What happens to young adults with autism spectrum disorders (ASDs) once they graduate high school and are no longer entitled to services?
“National, state and local policy makers have been working hard to meet the needs of the growing numbers of young children identified as having an ASD,” says Paul Shattuck, PhD, assistant professor at the Brown School at Washington University in St. Louis. “However, there has been no effort of a corresponding magnitude to plan for ensuring continuity of supports and services as these children age into adulthood.”
In a first-of-its-kind study, Shattuck looked at rates of service use among young adults with an ASD during their first few years after leaving high school. He found that 39.1 percent of these youths received no speech therapy, mental health, medical diagnostics or case management services.
Shattuck also found that the odds of not receiving any services were more than three times higher for African-American young adults compared with white young adults and more than five times higher for those with incomes of $25,000 or less relative to those with incomes over $75,000.
In his study, published in the current issue of the Archives of Pediatric and Adolescent Medicine, Shattuck looked at medical, mental health, speech therapy and case management services.
He found that overall rates of service use were 23.5 percent for medical services, 35 percent for mental health services, 41.9 percent for case management, and 9.1 percent for speech therapy.
This compares with service use while in high school: 46.2 percent received mental health services, 46.9 percent had medical services, 74.6 percent were getting speech therapy, and 63.6 percent had a case manager.
Shattuck says that the years immediately following the age at which students typically exit from high school are pivotal for all youths.
“A positive transition creates a solid foundation for an adaptive adult life course, and a negative transition can set the stage for a pathway fraught with developmental, health and social difficulties,” he says.
“Youths with ASDs are especially vulnerable during this period because of their challenges with communication and social interaction, greater reliance on others for aid and high rates of health and mental health problems.”
Shattuck notes that there is a dearth of nationally representative data on the prevalence and correlates of service use among young adults with ASDs.
“Basic descriptive data on the prevalence and patterns of service use are necessary for planning by policy makers and administrators,” Shattuck says. “Knowledge of service use can help identify underserved populations and plan targeted services.
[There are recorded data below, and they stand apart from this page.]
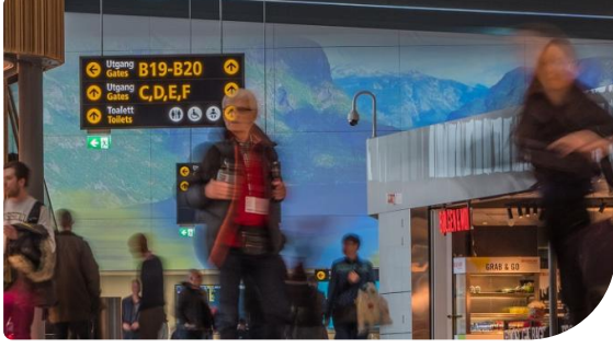
Apron tarafındaki projeksiyonda üç adet RZ31K lazer projektör bulunuyor
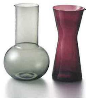
カイ・フランク 《162》(左) 1955年、《1610》(右) 1954年 カラフェ メーカー ヴィ・ガラス製作所

本展はヘルシンキ建築&デザイン・ミュージアムのコレクションを中心に、ガラス器、陶磁器などの代表作、ファブリック、スケッチ、写真や映像250点以上を展示。初期から晩年までの作品と仕事の全貌を明らかにします。また日本の文化に惹かれ、3回の来日を果たしたフランクの足跡や、彼に影響を受けたデザイナーらの作品も紹介します。時代を超えて今なお愛されるカイ・フランクの作品と、彼のデザインを支える思想に迫る大回顧展です。
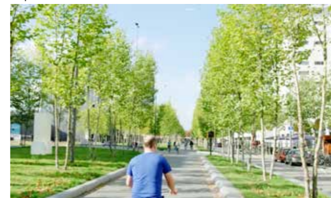
De platanen allée.

Beeldbepalend is ook een levensgrote buste van Gerard Philips, van 8 meter hoog van staal, waar je door zijn stropdas kunt lopen. Een enorme voormalige glasfabriek wordt getransformeerd met ruimte voor allerlei kleinere bedrijven (1500) met een restaurant in het voormalige ketelhuis. De wijk is nog niet afgerond, maar nu al komt heel Europa kijken.
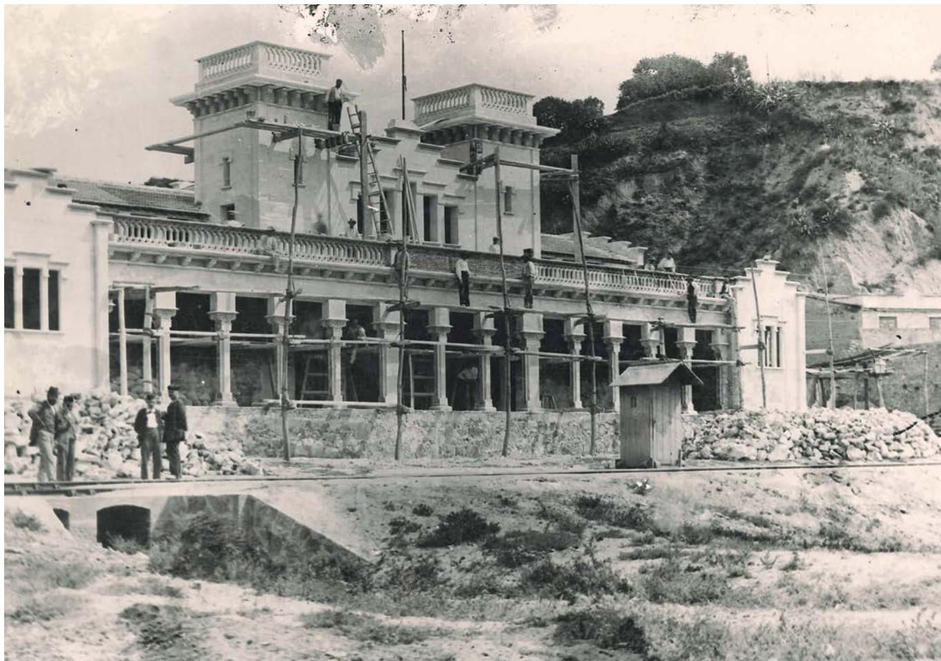
Balneari Lloveras en construcció. 1890-99.
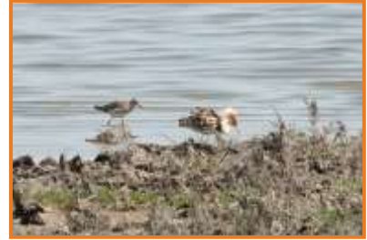
Kampfläufer (A. Schade)
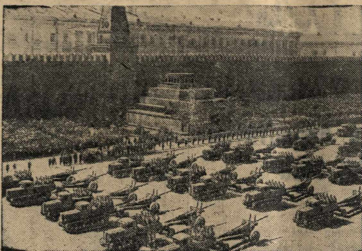
Парад войск на Красной площади. Артиллерия на параде.
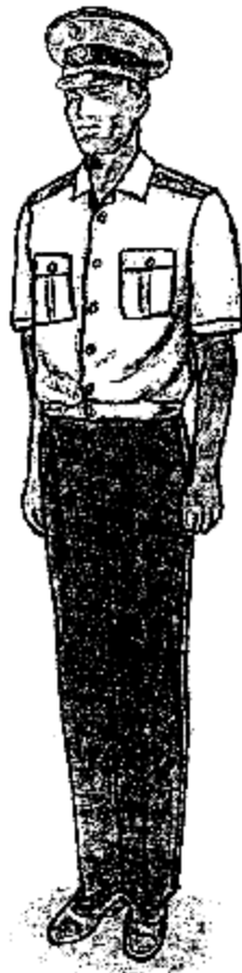
Ամենօրյա (սպիտակ կարճաթև վերնաշապիկով) ամառային համազգեստ՝ արդարադատության գեղապետից մինչև արդարադատության լեյտենանտի կոչում ունեցող քրեակատարողական ծառայողների համար
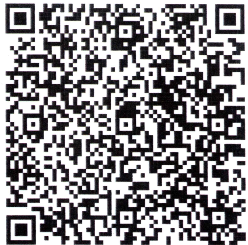
ผลการบันทึกข้อมูล กิจกรรม/โครงการ Google Sheets
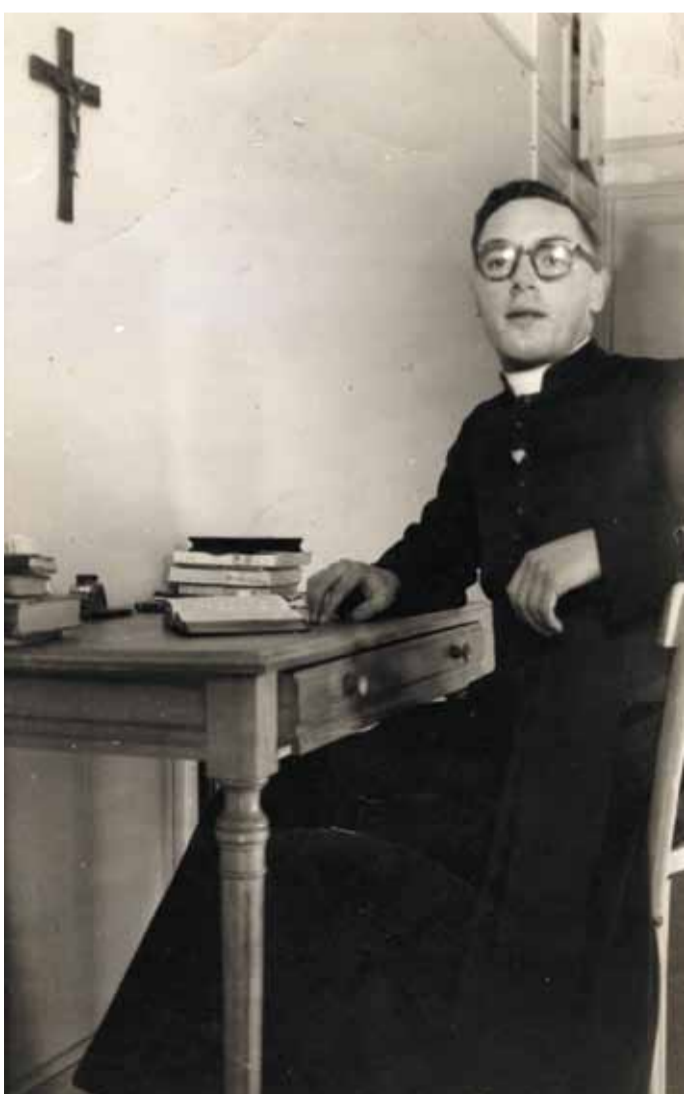
A votre bureau de travail.
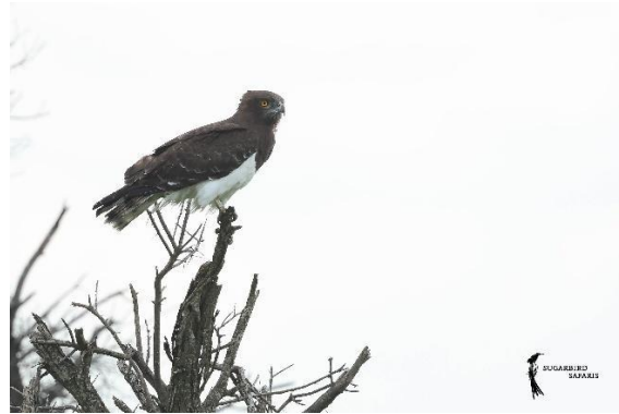
Black-chested Snake Eagle
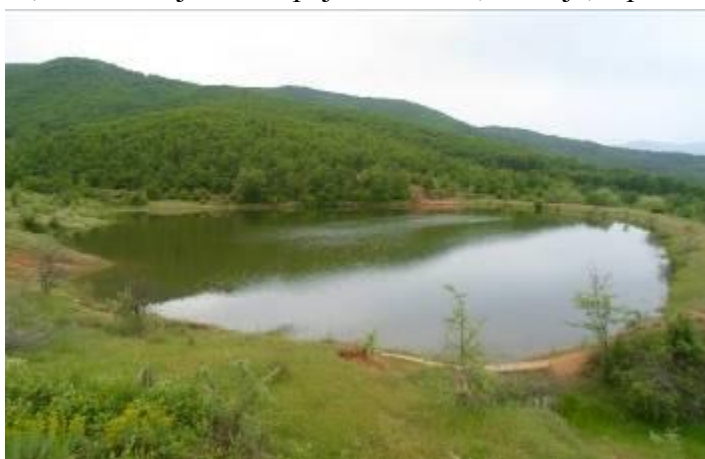
Слика 178. Едно од двете веитачки акумулации

Во Суводол има и голем број доселеници и тоа од: Боишта, Церово, Вирово, Жван, Базерник, Брежани, Лесково, Вардино, Мало и Големо Илино, од старото село Чагор и др. Во 1958 година селото е електрифицирано, водовод има од 1966, а асфалтен пат од 1986 година.

“Estimates of service use and correlates will help clinicians, service providers and family members be more informed and better prepared as they try to help teens with ASDs navigate the transition from adolescence to young adulthood,” he says.
Data for this report came from the National Longitudinal Transition Study 2 (NLTS2), a 10-year study conducted from 2000-2010 by SRI International for the U.S. Department of Education that followed more than 11,000 youths enrolled in special education as they aged into adulthood.
The study included 920 youths enrolled in the special education autism category at the start of data collection in May 2001.
The study’s co-authors are Mary Wagner, PhD, principal scientist in the Center for Education and Human Services at SRI International, and Sarah Narendorf, Paul Sterzing and Melissa Hensley of Washington University in St. Louis.
This research was supported by the National Institute of Mental Health and by the Organization for Autism Research.